■ **Dataset extract**
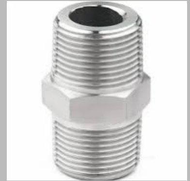
Hex Nipples SS 202
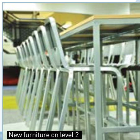
New furniture on level 2

These upgrades were made in response to client feedback, and it is anticipated they will improve the ambience of the Library and make it a more enjoyable place to study.
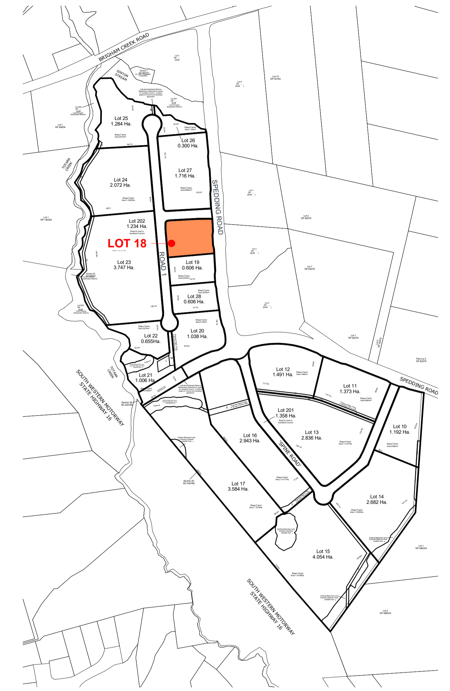
LOCATION PLAN LOT 18 SCALE @ A1: 1 : 5000

■ **Work instructions**
Write every line of the data out again exactly, leaving out all images.

■ **Completed exercise**
Hex Nipples SS 202
New furniture on level 2

These upgrades were made in response to client feedback, and it is anticipated they will improve the ambience of the Library and make it a more enjoyable place to study.
LOCATION PLAN LOT 18 SCALE @ A1: 1 : 5000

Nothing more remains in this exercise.